Interdisciplinary experts propose a new approach to identify chemicals that raise risk of breast cancer

June 2, 2015

test tubes and pipetteA study published today in Environmental Health Perspectives outlines a new method for assessing how synthetic chemicals and pollutants may contribute to breast cancer risk. In addition to developing the chemical testing approach, the authors identify two critical needs: the need for new chemical safety testing methods, and the need to screen more chemicals.

Inherited genes only explain about a quarter of a woman’s risk of developing breast cancer. Exposure to synthetic chemicals and pollutants in air, water, food, workplaces, and consumer products may account for a significant portion of breast cancer risk.

Over 34 million tons of synthetic chemicals are produced or imported into the United States every year, and hundreds of these chemicals are commonly found in women’s blood, urine, and breast tissue. Most have not been tested for their carcinogenic potential. Among those that have, hundreds have been shown to increase mammary tumors in laboratory animals. Animal tests are both time- and resource-intensive and they rarely evaluate the effects of chemical exposure during early life or prenatal development.

To address these issues, a panel of 18 experts—representing fields including toxicology, biology, epidemiology, endocrine disruption, and risk assessment—developed a new method of distinguishing safer chemicals from more hazardous chemicals.

“The basic question is, what would you need to know about a chemical to be able to say with confidence that it doesn't raise the risk of breast cancer?” says Megan Schwarzman, a physician and environmental health researcher at UC Berkeley and the lead author of the study.

The panel of scientists first identified biological processes that, when disturbed, could increase breast cancer risk. They then determined what tests exist to assess whether chemicals interfere with those vulnerable biological processes.

“These are pretty complex chains of causation,” Schwarzman says, “so we tried to build a hazard assessment approach to recognize that complexity.”

The scientists reached three important conclusions: First, both genotoxicity (a chemical’s ability to damage genetic information in a cell) and endocrine disruption (interfering with normal hormonal activity) are significant contributors to breast cancer potential, so any comprehensive chemical assessment must evaluate both categories of biological mechanisms. Second, while useful test methods exist for evaluating chemicals’ genotoxicity and estrogen-like activity, there are insufficient methods for testing chemical effects on other biological processes relevant to breast cancer, including progesterone activity. Finally, they found large gaps in available test data even for chemicals generally thought of as well-tested.

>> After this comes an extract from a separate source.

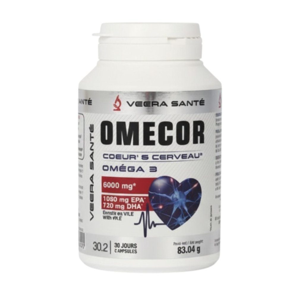 VEERA SANTÉ OMECOR 3 est un complément alimentaire conçu pour soutenir la santé cardiovasculaire et les fonctions cérébrales. Présenté en pilulier de 60 capsules, ce produit fournit un apport concentré en acides gras oméga-3, notamment l’acide eicosapentaénoique (EPA) et l’acide docosahexaénoique (DHA). Ces composants sont essentiels pour le maintien d’une fonction cardiaque normale et contribuent au bon fonctionnement du cerveau, offrant ainsi un soutien nutritionnel ciblé pour le bien-être général.BénéficesContribue à la protection du cœur.Favorise l’équilibre émotionnel.Hautement dosé en EPA et DHA.Soutient le bon fonctionnement du cerveau.Actifs clésHuile de poisson: Source d’acides gras oméga-3, incluant l’EPA et le DHA, essentiels pour la santé cardiovasculaire et cérébrale. L’EPA et le DHA contribuent à une fonction cardiaque normale et au fonctionnement normal du cerveau.Vitamine E: Antioxydant qui aide à protéger les cellules contre le stress oxydatif.Conseils d’utilisationPrendre 2 à 3 capsules par jour, de préférence le matin.Il est conseillé de suivre une cure de 30 jours.Ne pas dépasser la dose journalière recommandée.Conserver dans un endroit sec, à l’abri de la lumière et de la chaleur.

“Developing rapid, inexpensive chemical tests to fill the gaps identified in this study will make it easier for manufacturers to choose safer chemicals for consumer products,” said Ruthann Rudel, a toxicologist at Silent Spring Institute and a coauthor of the study.

“There are so many places we can use this information today—regulators can consider requiring these recommended tests now; manufacturers can choose to use chemicals that pass these tests; and consumers can request that their suppliers use products that have undergone these tests. Meanwhile, we are funding research to fill the gaps that were identified,” says Mhel Kavanaugh-Lynch, director of the California Breast Cancer Research Program, which funded this study.

The authors also hope that the methods they developed can be applied to other diseases that may be affected by chemical exposure, such as other cancers or neurological disorders.

“We're actively trying to use the results to change how chemicals are tested and the decisions that are made in public policy,” Schwarzman says.” We see the potential for chemical testing to contribute to breast cancer prevention and other disease prevention efforts.”

Other UC Berkeley coauthors include Dale Johnson, Department of Nutritional Sciences and Toxicology and Kathleen M. Navarro, Department of Environmental Health.